When I walk back into the room, Jessie has her changed into a small floral sleeper-looking thing. It’s cute with its footies. She has Eli cradled under her chin and is slowly bouncing her around the room.

My heart beats erratically in my chest at the sight of the woman I swore I could never have, soothing a baby I never knew existed until tonight.

She must sense my presence even though I haven’t made a noise, but she looks up and locks eyes with me. We don’t say anything, and I don’t move. I swallow down the feelings I’ve kept secret for years.

“I can take her,” I say through the thickness in my throat.

“No, I’ll feed her. Why don’t you move this pack and play in your bedroom while I do? She’ll need to sleep in the same room as you.”

I nod my head and do as I was told. I didn’t realize she needed to be in my room.

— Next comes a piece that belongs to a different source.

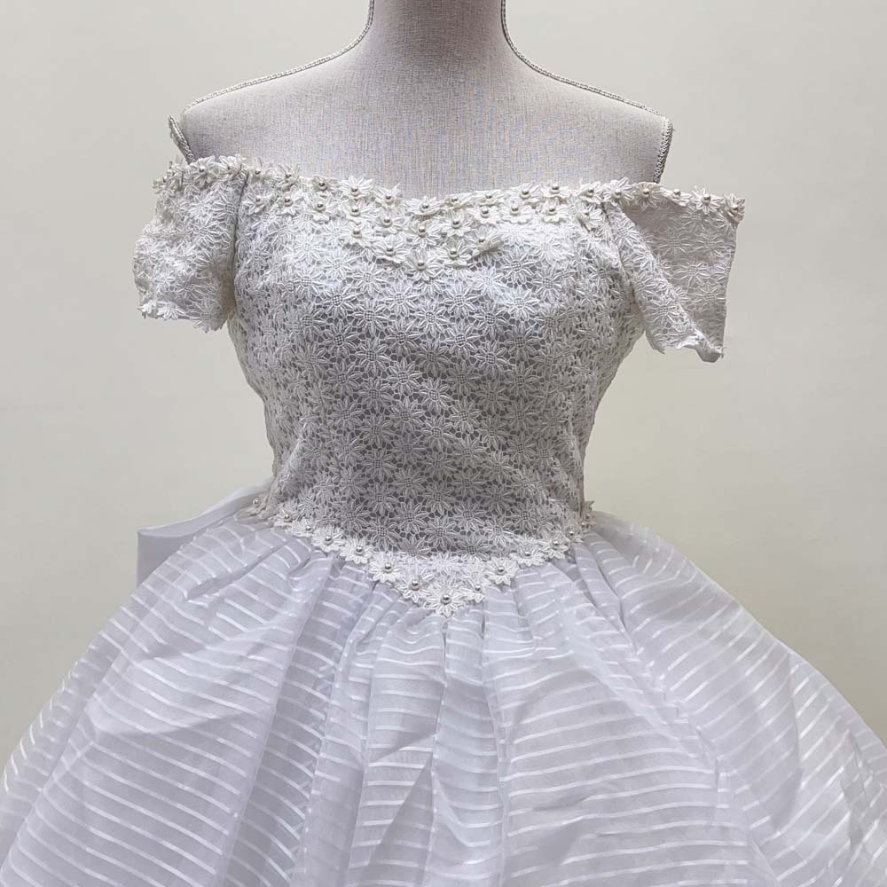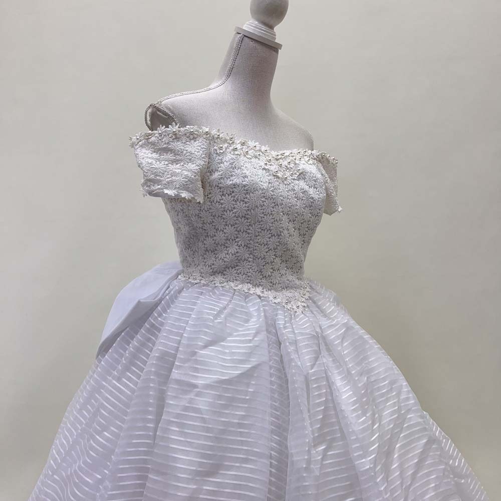 商品名 | ウェディングドレス 7号T 日本製 中古 オフショルダー ホワイト W-240 |
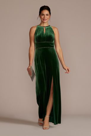 This stunning velvet sheath dress features elegant embellishments and intricate details that will make you feel like a queen on your special day. The keyhole neckline adds a touch of allure, while the figure-flattering silhouette hugs your curves in all the right places. Perfect for a winter wedding or a formal event, this dress exudes sophistication and glamour. Pair it with sparkling accessories and a chic updo for a truly unforgettable look. Make a statement and turn heads in this luxurious velvet dress from David's Bridal.

I’m never gonna get any sleep tonight.

I walk back into the family room, where Jessie is now sitting on the couch, feeding Eli.

“You should get ready for bed now while she’s content,” she says to me without even looking up.

I roll my head around my shoulders, hoping that’ll relieve some of the mounting tension. I don’t even know how to process all of this. I went from spending the day with the possibility of scoring a case that would make me the most-sought-after corporate attorney in the city if I won to changing diapers and making bottles for a baby I hadn’t known about. All with a woman who hates me—and who, I’m pretty sure, thinks I hate her.

If she only knew …

Chapter Five

Jessie

Eli is precious. She sucks ravenously on her bottle nipple, taking down her formula like a champ. She has one tiny little hand wrapped around my thumb while her eyes remain on me.

As soon as she’s done, I pull the bottle from her and rest her on my shoulder to burp. I forgot to grab one of the many burp cloths I purchased, but that’s okay. A little spit-up never hurt anyone. Though Walker’s reaction to it would have made you think so.

He’s been a total spaz since I got here. I like to give him a hard time, but I don’t think anyone would be calm in a situation like this.

As Eli lets out a loud burp, then snuggles into the crook of my neck, I wonder how in the world her mother could have given her up.

Just goes to show Walker’s type. He’s never known how to pick a good one. I’ve seen the women he’s had on his arm. Tall, leggy, blonde. Makeup so thick that you wonder what their face lookslike when it's off. Definitely after his money and power. His looks don’t hurt.

He walks back into the room, wearing gray sweatpants and a tight black shirt, and my entire body is engulfed in flames. The shirt does nothing to hide his biceps or the sheer size of his chest. Eighteen-year-old me is freaking out right now. Luckily, twenty-seven-year-old me is here to put a stop to it.

He stands in front of me, running a hand through his tousled hair. Shit, where did twenty-seven-year-old me go? She’s nowhere to be found right now. I could really use her ability to cut through this fog of attraction with her snarky comments.